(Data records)
+ + + + + + +

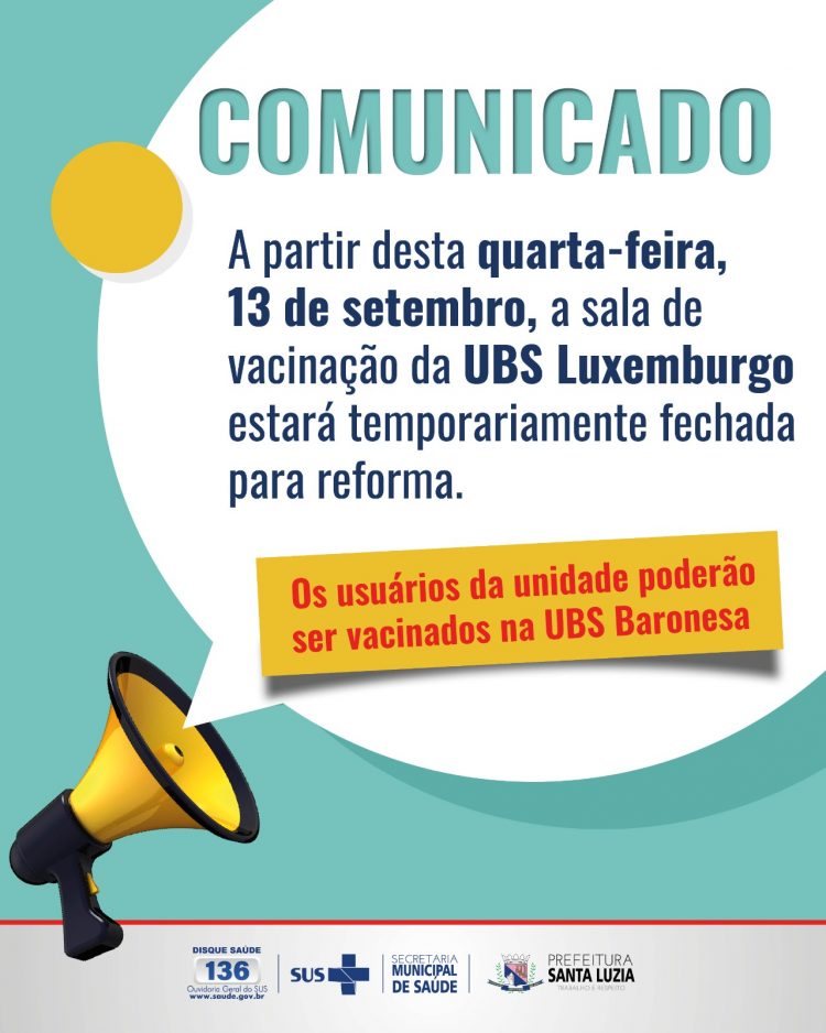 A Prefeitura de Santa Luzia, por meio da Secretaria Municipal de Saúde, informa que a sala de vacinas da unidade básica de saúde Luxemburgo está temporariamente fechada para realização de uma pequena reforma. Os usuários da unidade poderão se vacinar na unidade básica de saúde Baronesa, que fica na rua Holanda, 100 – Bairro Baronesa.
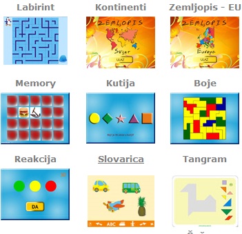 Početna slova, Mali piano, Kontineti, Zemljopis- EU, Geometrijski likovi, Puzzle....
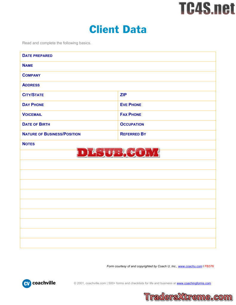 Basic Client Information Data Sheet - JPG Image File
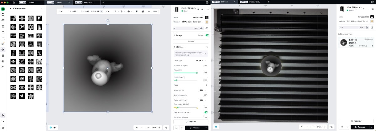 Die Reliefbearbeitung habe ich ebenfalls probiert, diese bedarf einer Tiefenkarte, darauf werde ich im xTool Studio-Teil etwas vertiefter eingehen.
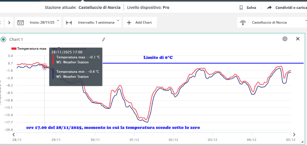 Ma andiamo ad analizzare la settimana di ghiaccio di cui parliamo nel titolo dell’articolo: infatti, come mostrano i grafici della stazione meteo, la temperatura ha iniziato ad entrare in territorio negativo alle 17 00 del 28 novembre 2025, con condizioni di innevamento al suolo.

+ + + + + + +

#### [Exercise brief]
Copy each line of the records above without change, but do not include any picture.

#### [Solution to the exercise]
 A Prefeitura de Santa Luzia, por meio da Secretaria Municipal de Saúde, informa que a sala de vacinas da unidade básica de saúde Luxemburgo está temporariamente fechada para realização de uma pequena reforma. Os usuários da unidade poderão se vacinar na unidade básica de saúde Baronesa, que fica na rua Holanda, 100 – Bairro Baronesa.
 Početna slova, Mali piano, Kontineti, Zemljopis- EU, Geometrijski likovi, Puzzle....
 Basic Client Information Data Sheet - JPG Image File
 Die Reliefbearbeitung habe ich ebenfalls probiert, diese bedarf einer Tiefenkarte, darauf werde ich im xTool Studio-Teil etwas vertiefter eingehen.
 Ma andiamo ad analizzare la settimana di ghiaccio di cui parliamo nel titolo dell’articolo: infatti, come mostrano i grafici della stazione meteo, la temperatura ha iniziato ad entrare in territorio negativo alle 17 00 del 28 novembre 2025, con condizioni di innevamento al suolo.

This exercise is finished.